■ Data provided
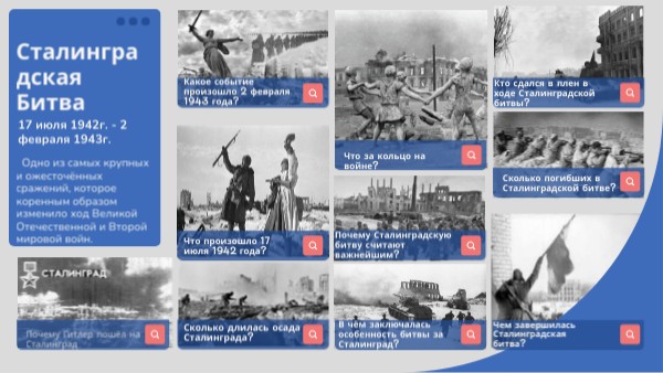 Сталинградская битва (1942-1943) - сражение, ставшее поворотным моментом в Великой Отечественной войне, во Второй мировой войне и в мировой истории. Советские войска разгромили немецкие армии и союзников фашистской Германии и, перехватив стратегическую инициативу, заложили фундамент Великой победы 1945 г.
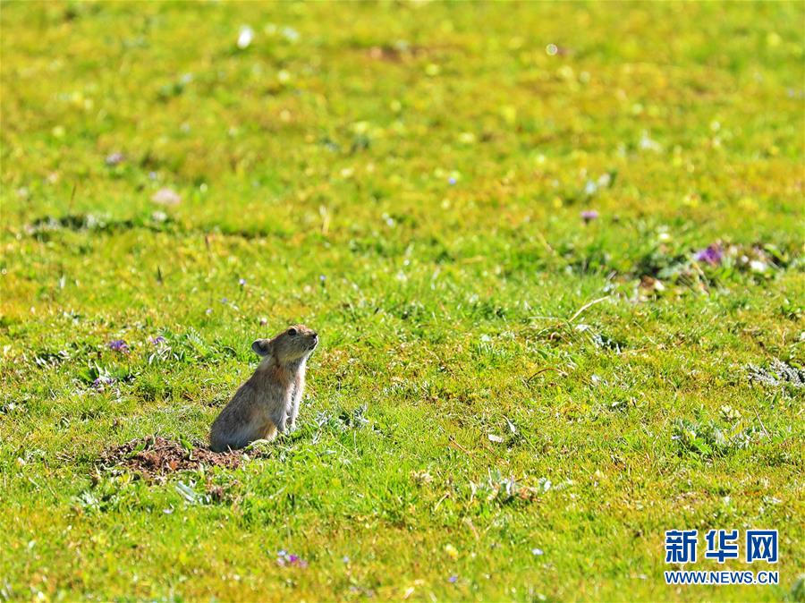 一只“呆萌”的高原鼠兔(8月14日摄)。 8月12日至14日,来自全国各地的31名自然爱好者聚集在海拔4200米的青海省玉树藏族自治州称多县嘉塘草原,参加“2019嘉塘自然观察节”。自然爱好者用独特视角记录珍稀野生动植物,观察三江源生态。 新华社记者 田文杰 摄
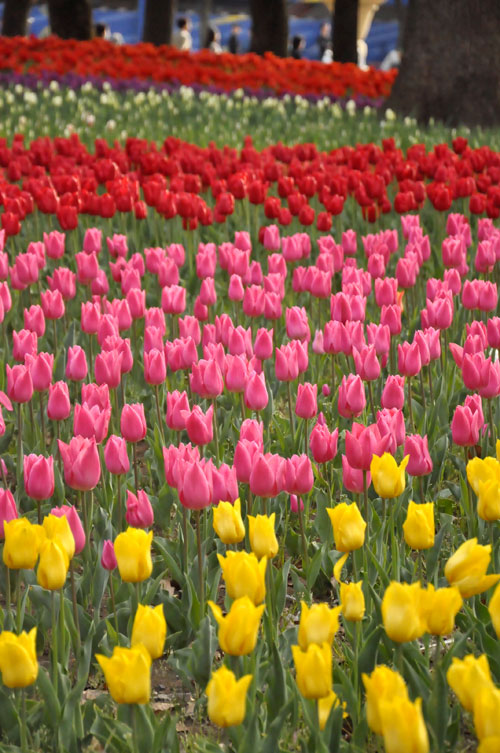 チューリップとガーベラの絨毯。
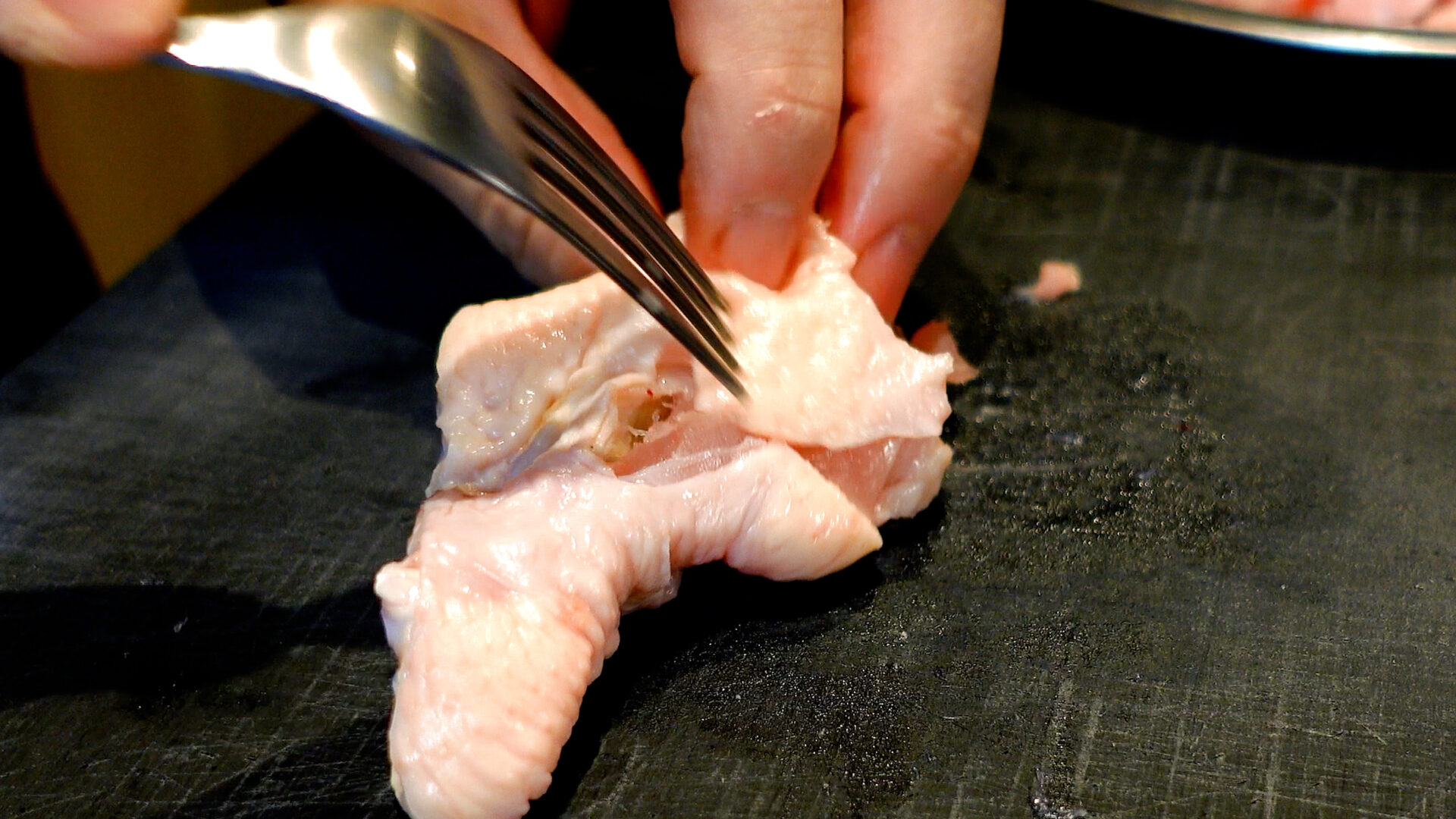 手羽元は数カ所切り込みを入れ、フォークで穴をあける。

■ Task statement
Could you repeat the listing above exactly, omitting its pictures?

■ Output for this exercise
 Сталинградская битва (1942-1943) - сражение, ставшее поворотным моментом в Великой Отечественной войне, во Второй мировой войне и в мировой истории. Советские войска разгромили немецкие армии и союзников фашистской Германии и, перехватив стратегическую инициативу, заложили фундамент Великой победы 1945 г.
 一只“呆萌”的高原鼠兔(8月14日摄)。 8月12日至14日,来自全国各地的31名自然爱好者聚集在海拔4200米的青海省玉树藏族自治州称多县嘉塘草原,参加“2019嘉塘自然观察节”。自然爱好者用独特视角记录珍稀野生动植物,观察三江源生态。 新华社记者 田文杰 摄
 チューリップとガーベラの絨毯。
 手羽元は数カ所切り込みを入れ、フォークで穴をあける。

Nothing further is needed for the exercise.